The following relatively simple data structure is related to the "standard messages" TYPE. All eForth messages are numbered and transferred to cheap program memory. If the word TYPE prints a single letter, its code can be the number of such a message, from 0 to 7.

 ;   TYPE .BASE tblTYPE: .DBB str7,str6, str5, str4, str3, str2, str1, str0

In the extended language of the MC, the pseudo-command .BASE sets the “base” for the .DBB command, which sequentially places the offset str7, str6, etc. in bytes. relative to the tblTYPE base label. Adding to the address of the table the numbers from 0 to 7, we can read from it the offset.

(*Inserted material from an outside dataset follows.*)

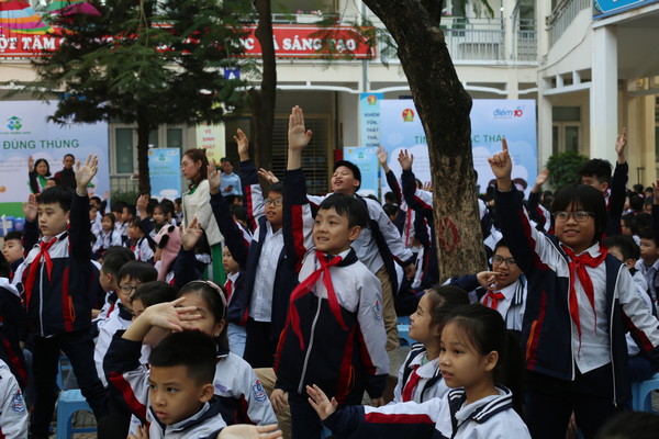 Học sinh trường Tiểu học Phương Liệt hào hứng hưởng ứng chương trình

Adding the offset to the tblTYPE, we get the address of the desired line.

The first byte of the string contains its length. eForth makes extensive use of such “countable lines” .

We also encountered the tblTokens table, which lists the code addresses of all 208 embedded words. If the word is not primitive, the table contains 0. Going to address 0 will cause eForth to reboot, and with a squeak.

The table tblNames was also mentioned, referring to the names of the same 208 words. These names in the form of countable lines are stored in the same “rubber” program memory. The tblNames table itself will not be available while eForth is running, but the information it contains will not be lost. During compilation, eForth.f transfers name addresses to a more convenient data structure stored in decimal memory (see 2).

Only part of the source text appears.